The Supreme Court’s 2022 decision in Dobbs v. Jackson Women’s Health Organization, which overturned the nationwide right to abortion, led to many of these same outcomes, he said. In an email following Monday’s phone interview, Lau further explained that “Dobbs unleashed conflicts between states, and there are signs that similar conflicts will arise with respect to gender-affirming care for trans youth.”
For example, he said “A growing number of states might seek to penalize interstate travel for gender-affirming care — targeting families who travel across state lines and/or medical providers who provide care to such families.”
“There is ongoing litigation concerning the constitutionality of interstate bans and shield laws in the abortion context, and those cases will bear significance on interstate bans and shield laws regarding gender-affirming care,” Lau said.
Counsel for the plaintiffs in Skrmetti probably turned to Bostock because the case was “the most recent victory, and the most on point when it comes to gender identity,” Lau said.
The animus doctrine was an important element of cases that expanded equal rights and protections for LGBTQ people, he said, pointing to U.S. v. Windsor (2013), which struck down portions of the Defense of Marriage Act, a law that prohibited the federal government from recognizing same-sex marriages, and Romer v. Evans (1996) which struck down a Colorado constitutional amendment prohibiting the state from enacting any LGBTQ inclusive nondiscrimination rules.
Lau said those cases are examples of where the Supreme Court has found indirect evidence of impermissible animus in the laws under consideration by the way they were designed or structured, as opposed to more direct evidence like overt expressions of sex stereotypes, fear, and disgust toward a particular group that might arise during the legislative process.
These cases and the animus doctrine, Lau added, are closely associated with the late former Justice Anthony Kennedy, an appointee of President Ronald Reagan who was the “swing vote” responsible for ultimately deciding many of cases considered by the Roberts court where the justices were split 5-4.
Following his retirement in 2018 and the emergence of a 6-3 conservative majority, there is less certainty about how the justices might evaluate animus related arguments in the context of disputes over issues of gay or transgender rights, Lau said, especially relative to how they were expected to look at the reasoning central to the Bostock decision just five years ago.
“I would have liked to see more” engagement with animus in the Skrmetti opinions, Lau said. Barrett in her concurrence did address the question, writing that there was a rational basis for Tennessee legislators’ SB 1, in contrast with the court’s findings in Romer, where the “sheer breadth” of law was “so discontinuous with the reasons offered for it that the [law] seem[ed] inexplicable by anything but animus toward the class it affect[ed]”.)

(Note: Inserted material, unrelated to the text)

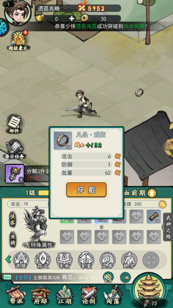 通过战斗玩家可以获取大量装备,穿戴装备可以提升玩家的战斗力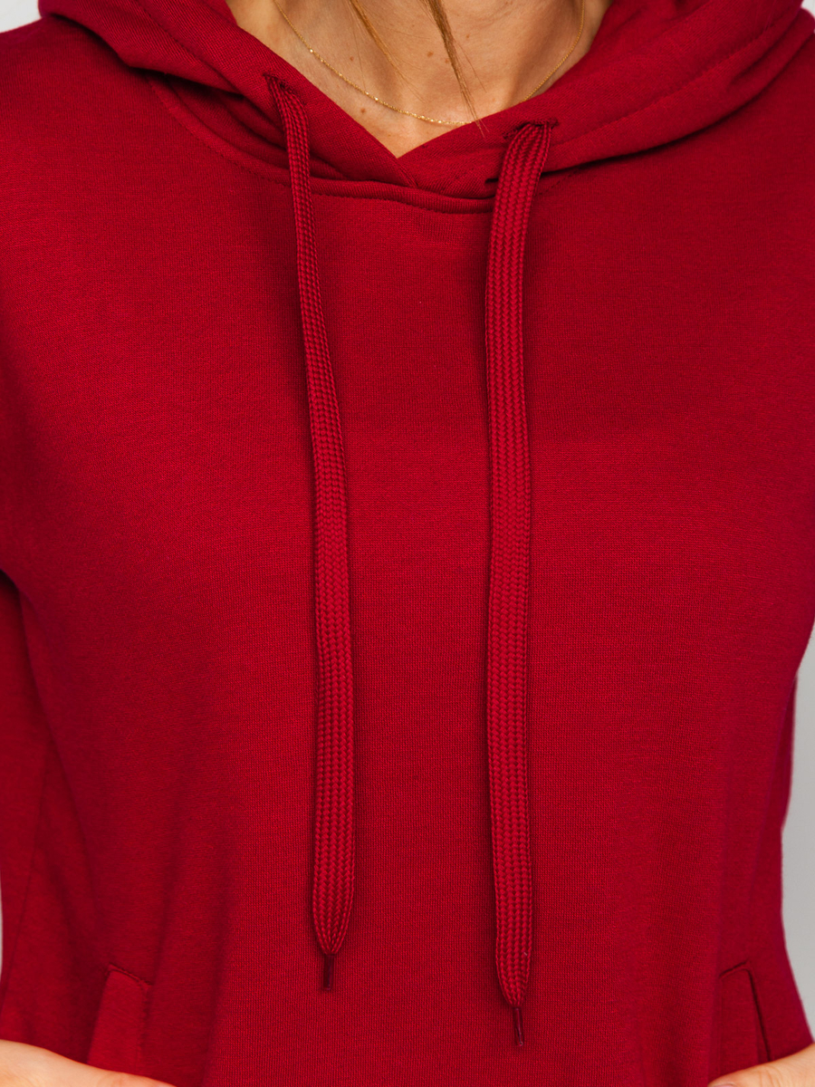 A bordó hosszú női kapucnis pulóver Bolf YS10005-A azoknak a nőknek készült, akik értékelik a kényelmet és az eleganciát. A hosszú pulcsi kapucnival egy must have a mai női divatban. Kényelmes, elegáns, meleg és univerzális. A termék belebújós, aminek köszönhetően könnyű a fel és a levétele. A pulcsi két nagy mély zsebbel rendelkezik, amelyekbe különböző apróságok tárolhatók. Az alja és az ujjak passzéval záródnak, a pulcsi nagyszerűen alakra szabott. Több színváltozatban kapható, különböző stilizációkkal és outfitekkel párosítható. A termék ezen felül nagy kapucnival rendelkezik, mely nagyszerűen véd az eső és a hideg elől. A kapucni zsinórral állítható. A pulcsi oversize méretűA pulcsi a sportos tílust kedvelő hölgyeknek ajánlott. Nagyszerűen beválik keményebb edzések során az edzőteremben, jogging során, vagy a parkban. Tökéletes választás az őszi séták során, az érdekes fazonnak köszönhetően vonzza a tekinteteket és kitűnsz majd a tömegből. Az ilyen típusú pulcsi tökéletes választás a hideg téli estékre a kandalló előtt. Az univerzálissága további előnye. Viselhető a tavaszi és a nyári szezonban. Nagyszrűen passzol sötétebb és pasztelesebb stilizációkkal is. A termék 65 % pamutból és 35 % poliészterből készült, aminek köszönhetően rugalmas és meleg. Kényelmesen és komfortosan érzed majd magad benne. A pulcsit használhatod baráti találkozások során, vagy a városban és nagyszerűen kiegészíti a stilizációdat. A barátaid el lesznek ragadtatva a stílusodtól. A pulcsi nem csak komfortos és kényelmes, hanem eredeti is egyben. A hűvösebb hónapok során, nagyszerűen párosítható farmerral vagy leggingsel. Viselhető téli dzseki alá. Egy oversize pulóvernek minden nő ruhatárában szerepelni kell.

“To be sure, an individual law ‘inexplicable by anything but animus’ is unconstitutional,” Barrett said. “But legislatures have many valid reasons to make policy in these areas, and so long as a statute is a rational means of pursuing a legitimate end, the Equal Protection Clause is satisfied.”
Lau said that notwithstanding her position on Skrmetti, the fact that Barrett “did make reference to the animus jurisprudence suggests that there is potentially a future for animus doctrine, even in the post-Kennedy Supreme Court.”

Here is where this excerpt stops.